Imagine a powerful, confident person. What do you notice about their body language? Chances are, they stand up straight, hold their head high, and aren’t afraid to take up space.
According to Amy Cuddy, whose TED talk on the subject of power and body language has been viewed more than 27 million times, the physiological makeup of powerful people leads them to express their dominance and assertiveness through body language. However, Cuddy’s research has revealed that it also works the other way: by taking on a dominant, assertive physical stance, hormonal changes in the body actually cause us to feel more powerful. In other words, you can “fake it ‘til you make it.”
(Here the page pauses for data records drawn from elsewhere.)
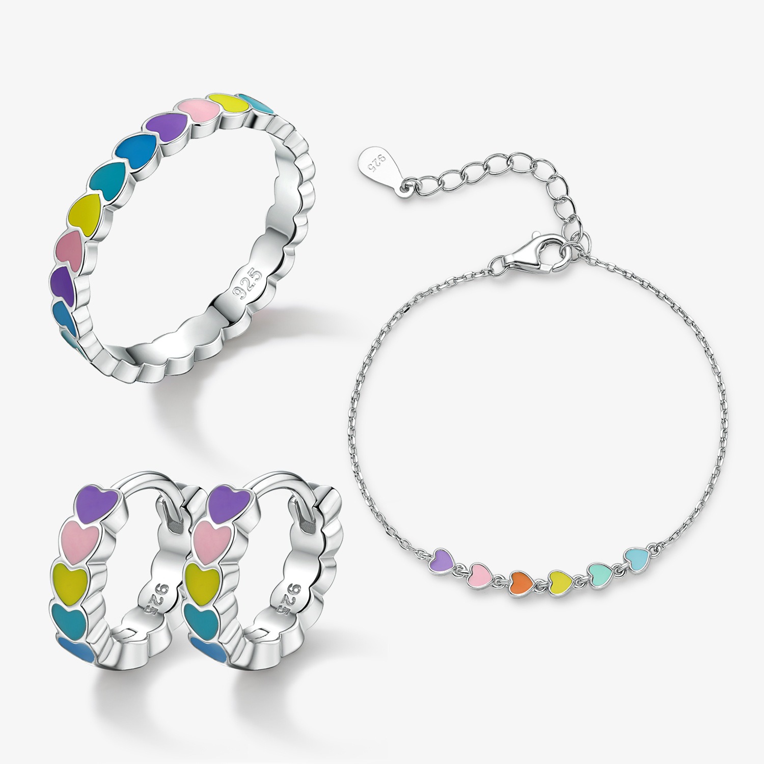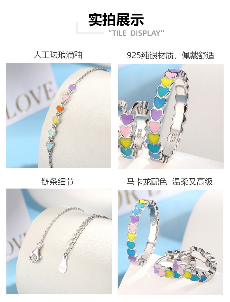 S925 sterling silver set with Macron heart-shaped oil dripping technology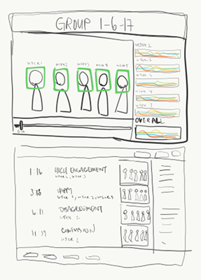 Second: Take the recorded footage and drop it into some non-existent, but feasible, software that analyzes each audience member’s face and body over time. The software could designate each person a score for their emotional state and level of engagement. Based on the scoring, timelines of scores could be generated for each person and the audience as a whole.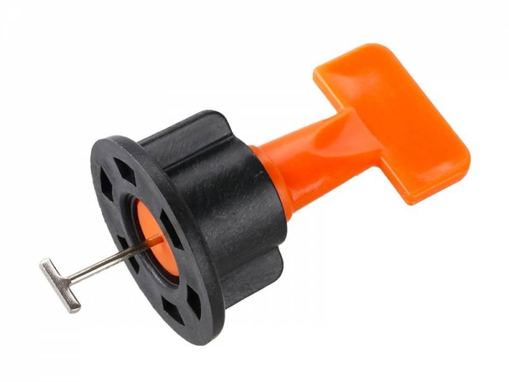 • jednoduchý postup - vsunúť "T" koncovku do škáry (min. 1,5 mm) medzi dlaždicami, následne pootočiť o 90 stupňov a dotiahnuť primeranou silou maticou, ktorá vďaka ploche zarovná dlaždice proti sebe, na uvoľnenie použite priložený kľúč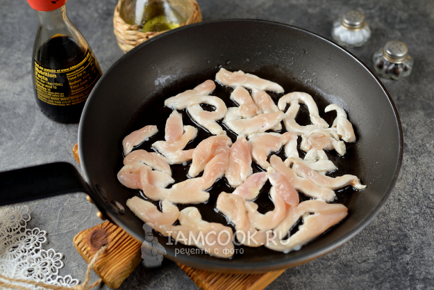 Параллельно поставьте сковороду на плиту, разогрейте в ней масло, обжарьте нарезанное тонкой соломкой куриное филе до слегка румяной корочки.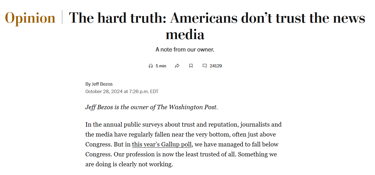 貝佐斯10月28日在《華盛頓郵報》投稿,以“殘酷的真相:美國人不再信任新聞媒體”為題解釋自己的決定。 截圖

For example, Cuddy had several test subjects adopt either high-power (hands on hips, legs spread apart, head high) or low-power (hunched over, legs crossed, hands touching face or neck) poses for two minutes. The study found that testosterone, the hormone responsible for feelings of dominance, increased by 20 percent in the people who had adopted a high-power pose, and decreased by 10 percent in the people who had adopted a low-power pose. On the other hand, cortisol, the hormone responsible for stress, had decreased by 25 percent for the high-power people, but increased by 15 percent for the low-power people.
So if you’re feeling stressed or insecure, or just want to nail that speech or job interview, let your body shape your mind: try a power pose!